Walking around a small parish cemetery yesterday, there was the usual evidence that some names were pretty common among the females of the community - the most frequent being Maria Carmen, Rosa, Rosalia, Maria and Manuela. On the other hand, there were single examples of old (Catholic) names that you don't hear these days - Hortensia, Prudencia, Josefa and Concepción. Then there were 1 or 2 odd names, such as Primitiva, Ermitas, Herminia and (would you believe) Generosa. And, there were 2 names which my Dutch friend, Peter, says are of Visigoth origin - Edelmira and Cumersinda (also Gumersinda). He may be right; he sometimes is. Of modern names, there were just 2 - Susana and Emma. The latter is odd, as double letters are not common in Spanish and the second M isn't strictly necessary. A foreigner, then?
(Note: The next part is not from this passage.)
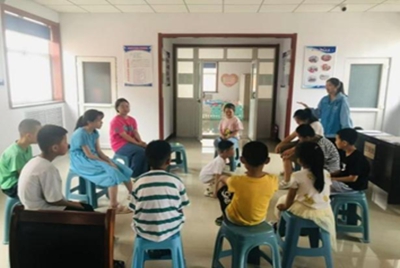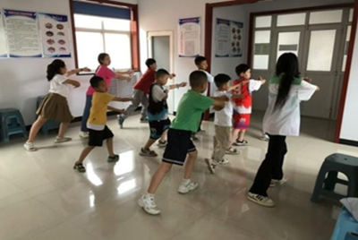 在教孩子们练太极的过程中,团队成员悉心指导每招每式,具体到手掌朝向、握拳姿势、跨步大小等细节。孩子们热情高涨,聚精会神地学习,动作逐渐熟练。学习之余,队员们还与孩子们一起玩丢手绢、萝卜蹲等小游戏,孩子们倾情投入笑声连连。
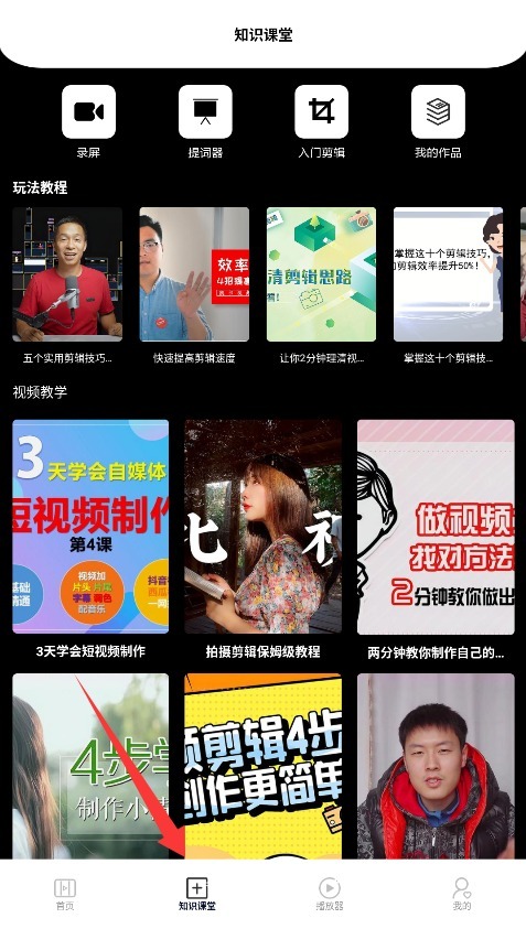 2、进入知识课堂学习专区,可系统掌握各类视频处理技巧与创意玩法操作指南。

One other odd thing in the cemetery was the refrain "Here lie the ashes of . . ." on gravestones or niche walls. My friend Peter (again) said that the word 'ashes' (as opposed to 'remains' or 'bones') was also used in English. This is certainly true of, e. g. , Dorothy Parker. But, then, she was cremated.

There are said to be around 3,000 'ghost' villages in Spain, places which have been abandoned to nature. A hundred of these are for sale as a job lot, of which a fair proportion are here in Galicia. Anyone interested can contact me.

Nice phrase I saw today:- The hystero-sphere of Twitter and Facebook.

Finally, a bit of good news from Spain: August tourist numbers were a record, at 9% more than last year. Thank God for foreigners. Unless they actually move here. As Lenox regularly reminds us, this seriously diminishes their importance, no matter how much money they bring or generate. Especially those who buy houses in the south. Ask the Priors.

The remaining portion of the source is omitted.